- Troy Nickle
- My practice encompasses a variety of experimental processes that animate both natural and constructed environments, seeking to form connections between culture, nature and place. I am concerned with how physical, tactile interactions in nature can shape our inner experiences and understanding of the world. I currently live and work in Lethbridge, Alberta, Canada.
Thursday, September 17, 2009
Tuesday, September 15, 2009
Earth- Art- Walk
I will be hosting a slide presentation and working with interpreters to offer a guided walk at the Helen Schuler Nature Center on Sunday the 20th from 2pm to 3 pm. There will be a 15 minute slide presentation and a 45 minute walk through the park to view the site specific works created for the Earth- Art- Walk project.
Tuesday, September 8, 2009
Earth- Art- Walk
Earth- Art- Walk is a self-guided walking tour through the Helen Schuler Nature Center of site-specific environmental sculptures by local artist Troy Nickle. The numbers on the map correspond to the numbered works listed below.

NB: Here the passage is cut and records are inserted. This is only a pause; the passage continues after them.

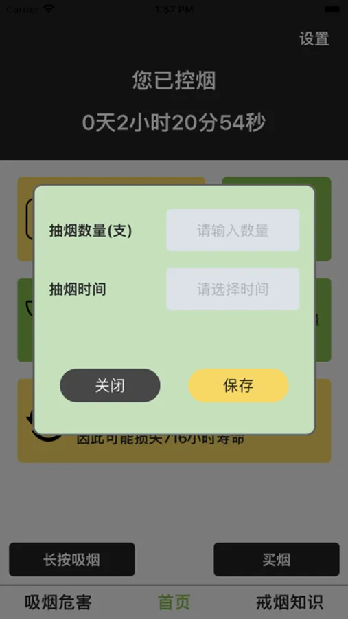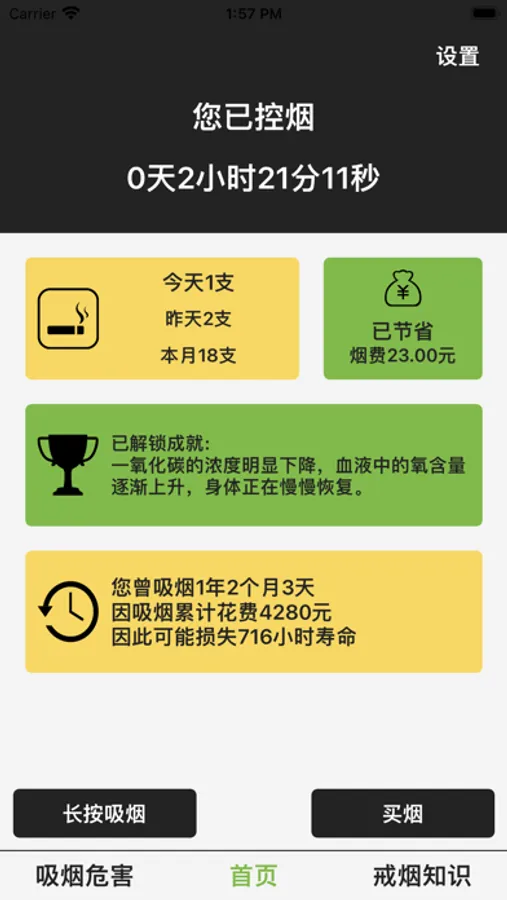 用户通过本APP可以轻松统计吸烟年限、花费金额、及日常控烟过程中吸烟、买烟、控烟时长和控烟以来节省的费用等数据;
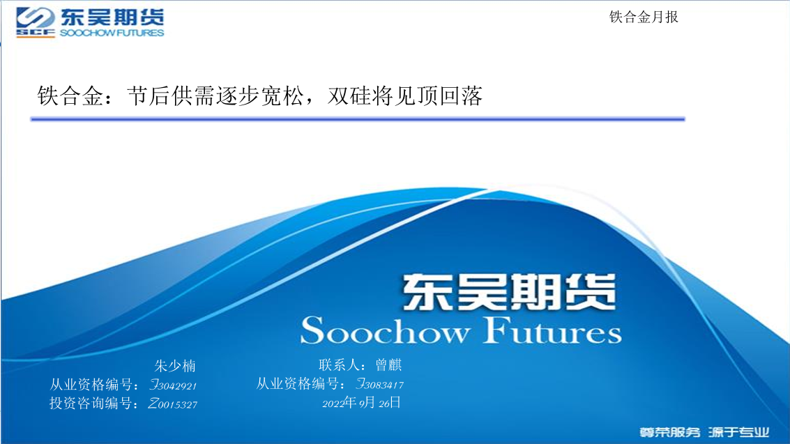 【东吴期货】【20220926】铁合金:节后供需逐步宽松,双硅将见顶回落-20页
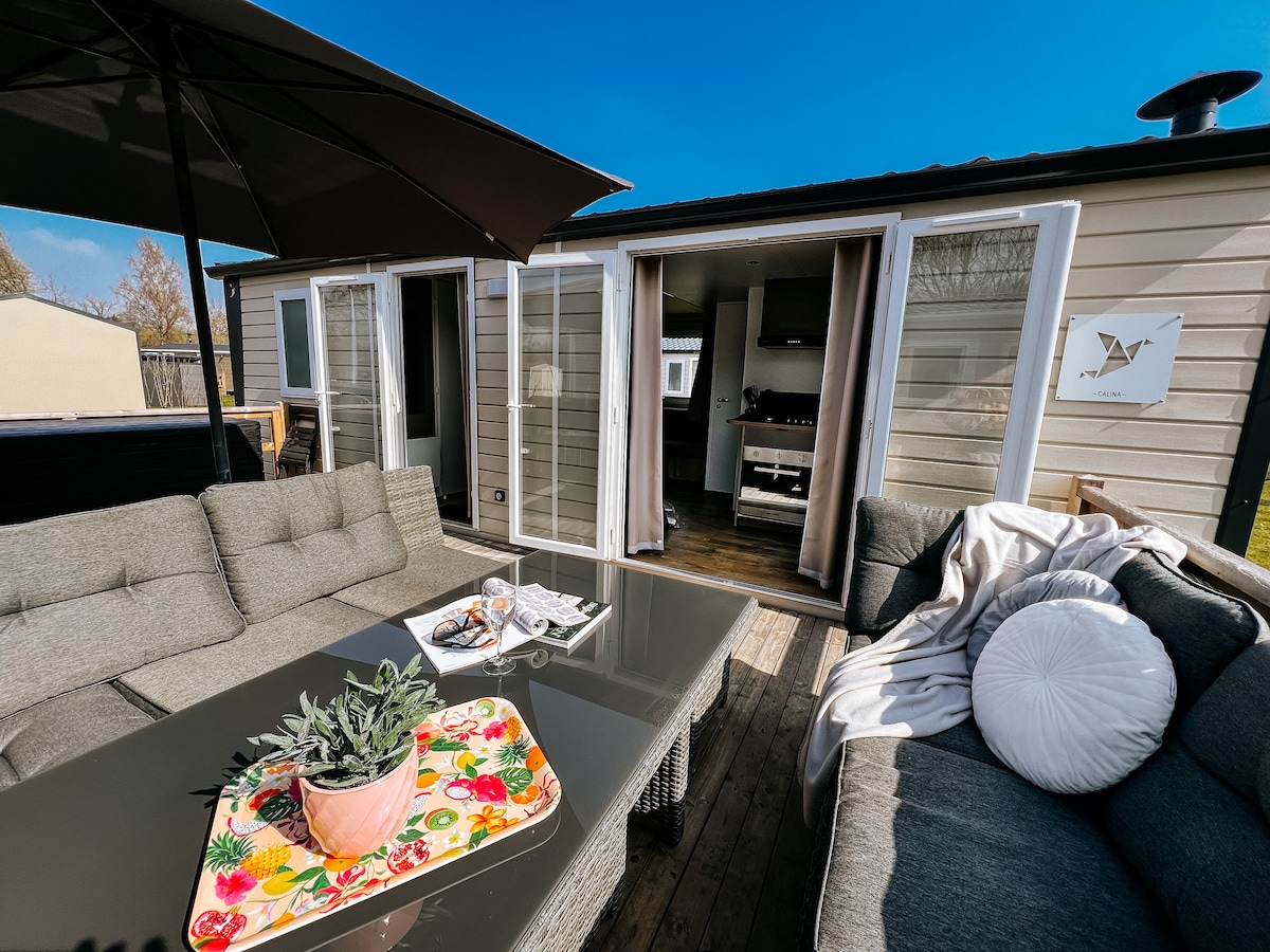 Relájate en este bungalow amueblado en un parque vacacional bien cuidado. El bungalow está equipado con todas las comodidades: cómodos somieres, internet rápido y confiable, dos televisores inteligentes, un amplio jardín vallado, una hermosa estufa de leña y una cocina totalmente equipada con freidora de aire. ¿Necesitas lavarte inesperadamente durante tu estadía? Hay una lavadora y una secadora. La casa es gratuita y es para no fumadores y sin mascotas. Las camas están hechas cuando llegues.
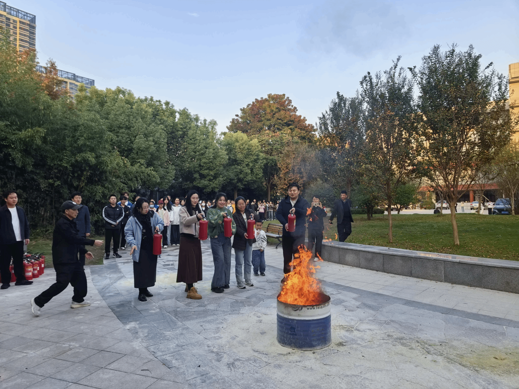 为进一步强化师生消防安全意识,提升师生在紧急情况下的应变及自我防护能力,让师生真正掌握灭火器的正确使用方法,公司联合保卫处举办灭火器使用培训及灭火实战演练。培训中,保卫处老师为师生详细讲解消防安全知识,内容涉及如何预防火灾、灭火的方法及步骤、灭火器材的使用及保养方法、火场中逃生自救等,提醒参与演练的师生们面对火灾时要保持冷静。随后示范了灭火器的使用及扑救火灾的方法,并现场组织开展消防演练;在保卫处老师的指导下,公司师生依次拿起灭火器,按照规范步骤操作,成功扑灭了模拟火源。
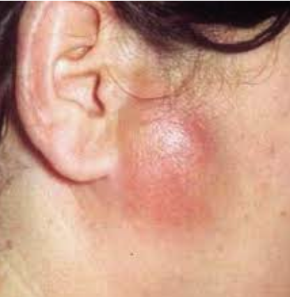 - Tender parotid swelling with fever and malaise
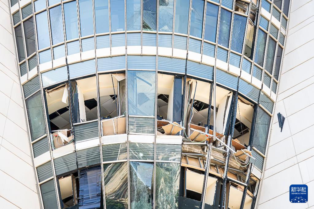 这是6月20日在以色列北部海法拍摄的在导弹袭击中受损的建筑。
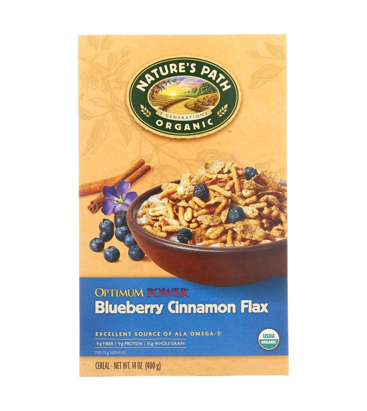 Nature's path blueberry cinnamon flax oatmeal in a 14 oz. Box is a 100% usda-certified organic oatmeal
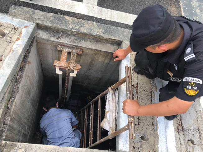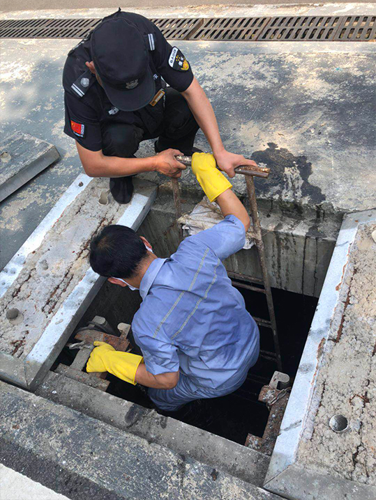 維修和保安兩人現場配合,下井挪動水泵位置,盡量將水泵與接口對上,再調整固定杠子的間距,使間隙減小,保障正常生活污水排放。
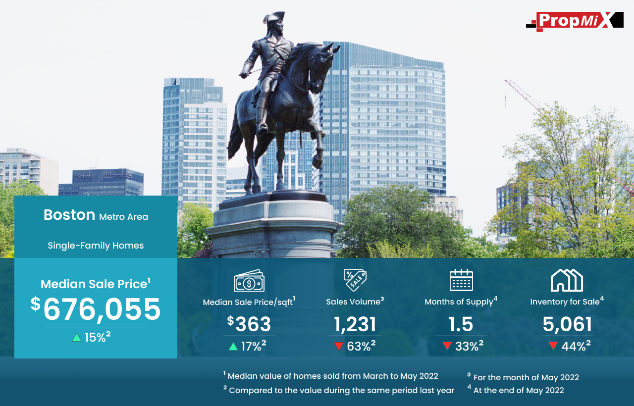 The median sale price of single-family homes sold in the Boston metro area was $676,055 for the period from March to May 2022, up by 15% year-over-year.
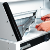 Conveniencia y precisión es lo que obtienes con nuestra guillotina profesional con EASY-CUT, programable con pánel táctil y cortina de seguridad de luz IR en la mesa frontal.
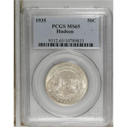 <B>1935 50C Hudson MS65 PCGS.</B></I> Pale caramel-gold and lime toning endows this crisply struck and splendidly smooth Gem. The low mintage Hudson type ranks high on the want list of many commemorative collectors.<BR><BR><b>Shipping:</b> Coins & Currency (<a target="_blank" href="http://www.heritageauctions.com/common/shipping.php">view shipping information</a>)
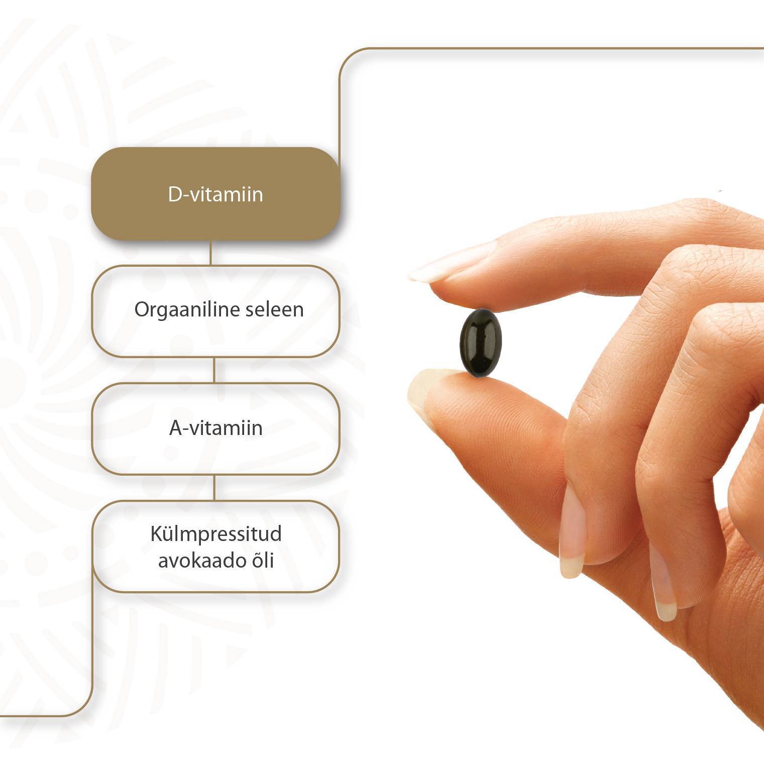 Koostisosad: avokaado (Persea Americana) külmpressitud õli, želatiin, niiskusesäilitaja glütserool, puhastatud vesi, retinüülpalmitaat, kolekaltsiferool, selenometioniin, riisitärklis, toiduvärv klorofülliin.
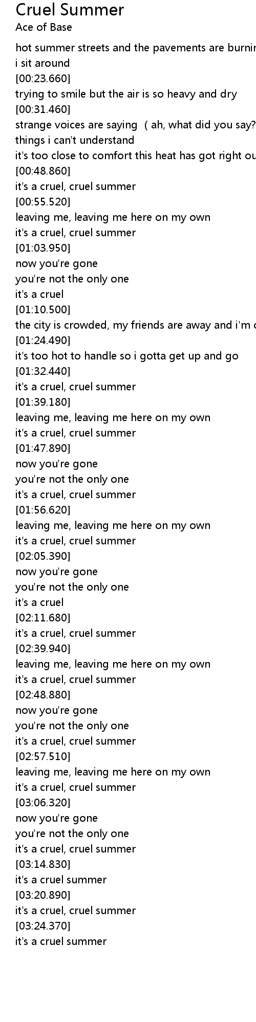 | [01:35.490] | it' s a cruel, cruel summer |
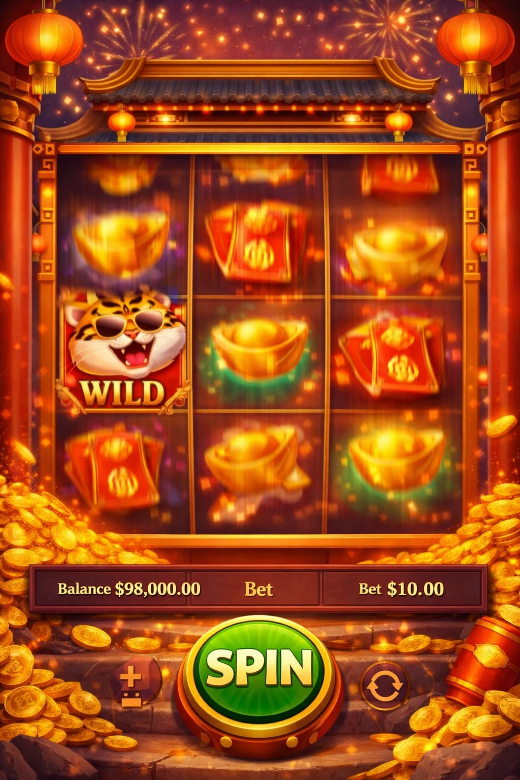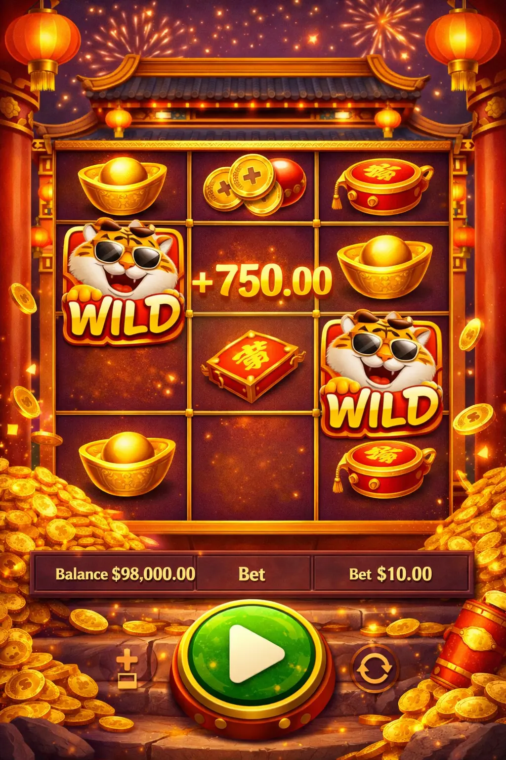 O tigre ocupa naturalmente a posição central nesta hierarquia. Ele não é apenas o símbolo de maior valor ou o rosto da marca visual do jogo. É também o elemento que concentra a ideia de força e prosperidade que estrutura toda a identidade do título. A sua presença ajuda a estabelecer um ponto de referência estável dentro do tabuleiro. Quando aparece, o jogador percebe que está diante de um símbolo importante não apenas por hábito mecânico, mas pela própria lógica visual do jogo. Isto revela um bom trabalho de design: o símbolo principal comunica valor antes mesmo de o jogador confirmar esse valor na tabela de pagamento.
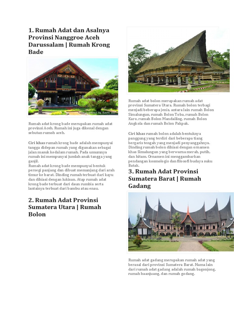Rumah Adat Gadang Provinsi Sumatera Barat Rumah Gadang Godang adalah rumah adat etnik Minangkabau yang sampai kini masih banyak ditemui di provinsi Sumatera BaratRumah Gadang ini bentuknya sama seperti rumah etnik Melayu pada umumnya sehingga tidak heran jika rumah adat ini juga bisa kita temui di provinsi dan negara lain yang berpenduduk suku. Bentuk bangunan Rumah Adat Kajang Lengko dibuat dengan konstruksi rumah panggung yang membuatnya memiliki kemiripan dengan kebanyakan rumah adat yang berasal dari beberapa. Bentuknya juga unik dibuat panggung dengan atap yang hampir memenuhi bagian bawah.
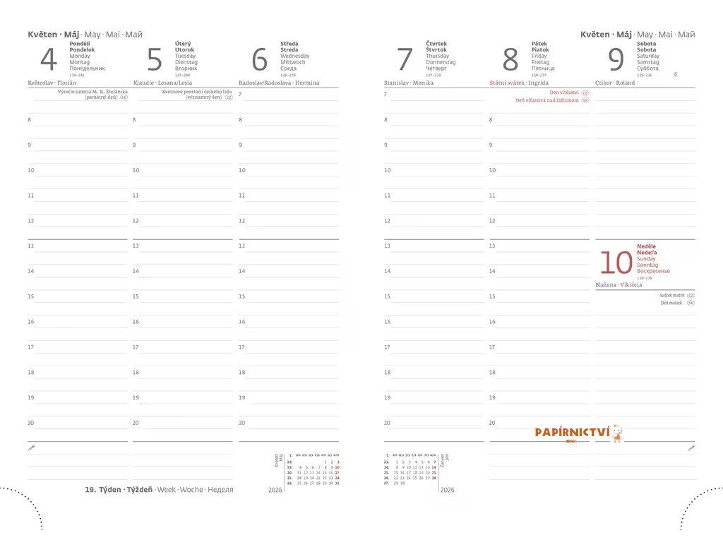 Diář obsahuje: osobní údaje, plánovač dovolené (měsíční přehled), plánovací kalendář, telefonní předvolby, státní svátky České a Slovenské republiky, mezinárodní svátky, roční výhled, týdenní layout, adresář, mapa Evropy a České a Slovenské republiky
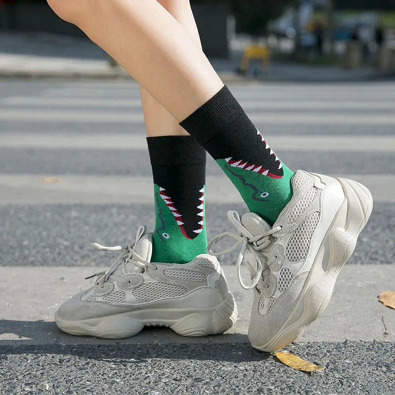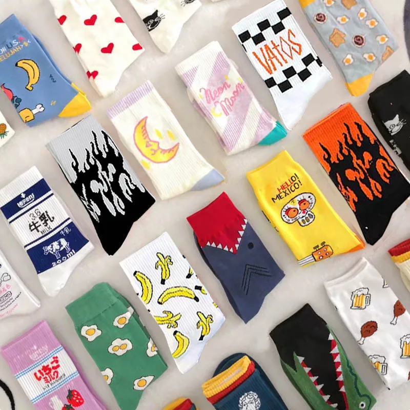 Носки женские, с рисунком банана, клубники, животных, носки с пламенем

This exhibition is part of the centennial celebrations for the Highlevel Bridge, but was conceived as an alternative context for the bridge, it’s history and it’s landscape. “Earth- Art- Walk” celebrates the landscape from which the bridge rises, and was created with a philosophy of natural harmony and environmental sensitivity.
This project wouldn’t be possible without the assistance and consent of the Helen Schuler Nature Center.
-Bowman Arts Centre, August, 2009
Artist Statement
Through creating ephemeral and figurative site-specific interventions I hope to explore a relationship to the land that reflects balance, harmony and impermanence. I find wider social relationships can be explored in contexts beyond the gallery walls. For me the landscape is part of the work and provides a greater environment in which to interpret its meaning. Through my work I try to bring a new awareness and expression to a place. I consider each intervention as a marker, which can become a point of interest along a traveled path or simply embrace the site. Much of my work exists temporarily, overtime the work eventually decays, erodes and falls back into the site from which it came. This is part of the overall process of the work, reflecting the impermanence of all living things in a natural cycle both of creation and eventual destruction. Usually the destruction of the material is only a transformation where the material then takes on a new life, providing nourishment for the soil or a habitat for a small creature.